─── Data segment
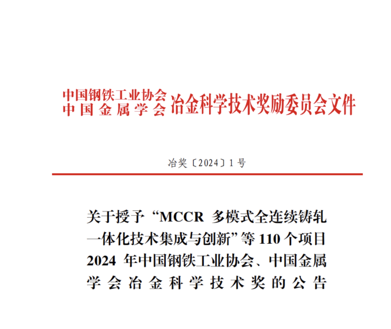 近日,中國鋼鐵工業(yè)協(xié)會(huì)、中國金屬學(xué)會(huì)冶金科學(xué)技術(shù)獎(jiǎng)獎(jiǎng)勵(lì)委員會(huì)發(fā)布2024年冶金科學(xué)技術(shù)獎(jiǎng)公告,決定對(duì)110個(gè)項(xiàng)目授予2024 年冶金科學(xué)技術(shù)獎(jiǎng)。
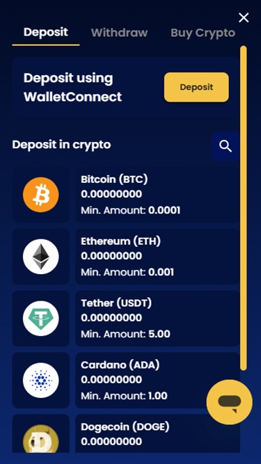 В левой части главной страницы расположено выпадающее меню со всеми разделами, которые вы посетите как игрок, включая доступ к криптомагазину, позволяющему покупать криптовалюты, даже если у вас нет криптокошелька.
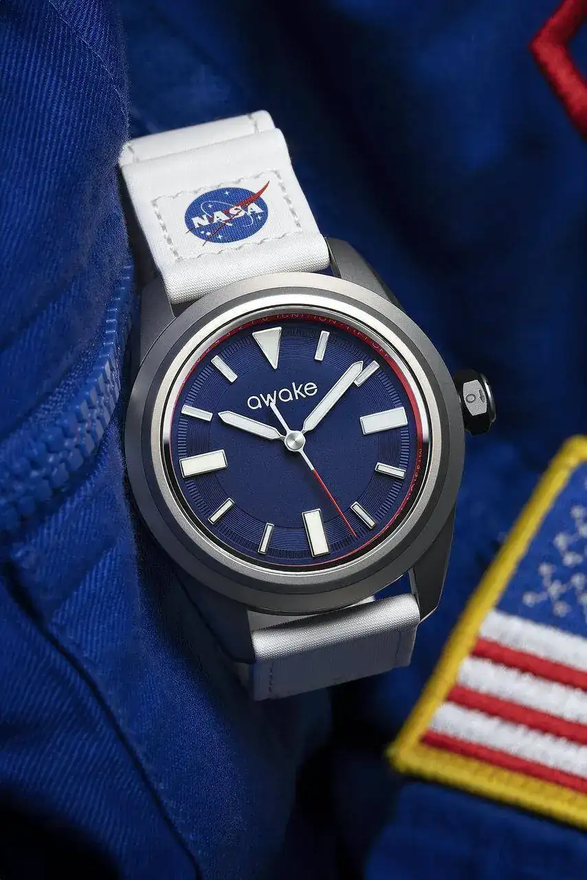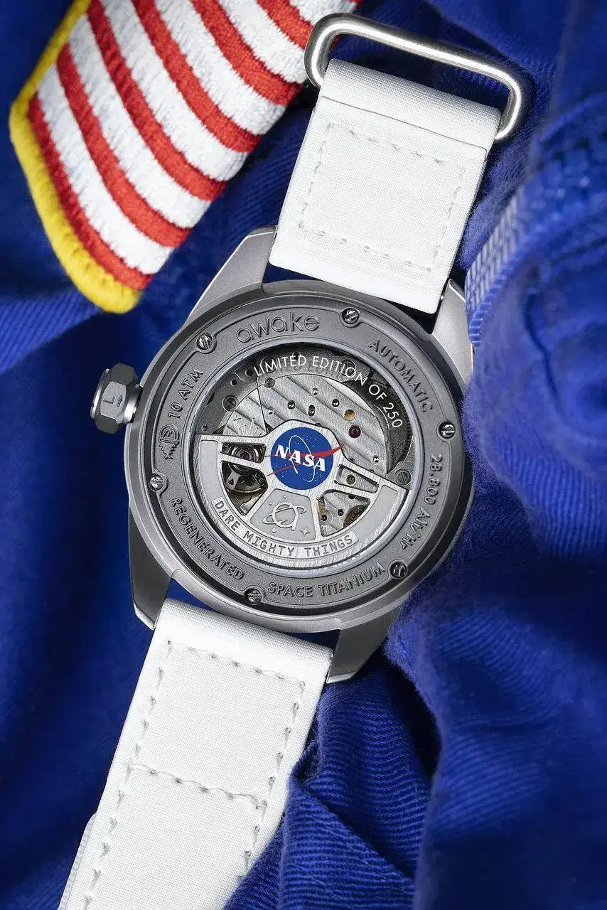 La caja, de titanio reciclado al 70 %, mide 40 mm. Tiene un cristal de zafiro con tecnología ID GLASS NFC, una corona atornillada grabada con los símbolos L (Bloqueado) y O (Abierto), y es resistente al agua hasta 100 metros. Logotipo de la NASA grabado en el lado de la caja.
──────
Exercise directions - A word-for-word repeat is expected of the lines from the one with "В левой части" to the end of the data, both included; pictures are not part of it.

Final answer -
 В левой части главной страницы расположено выпадающее меню со всеми разделами, которые вы посетите как игрок, включая доступ к криптомагазину, позволяющему покупать криптовалюты, даже если у вас нет криптокошелька.
 La caja, de titanio reciclado al 70 %, mide 40 mm. Tiene un cristal de zafiro con tecnología ID GLASS NFC, una corona atornillada grabada con los símbolos L (Bloqueado) y O (Abierto), y es resistente al agua hasta 100 metros. Logotipo de la NASA grabado en el lado de la caja.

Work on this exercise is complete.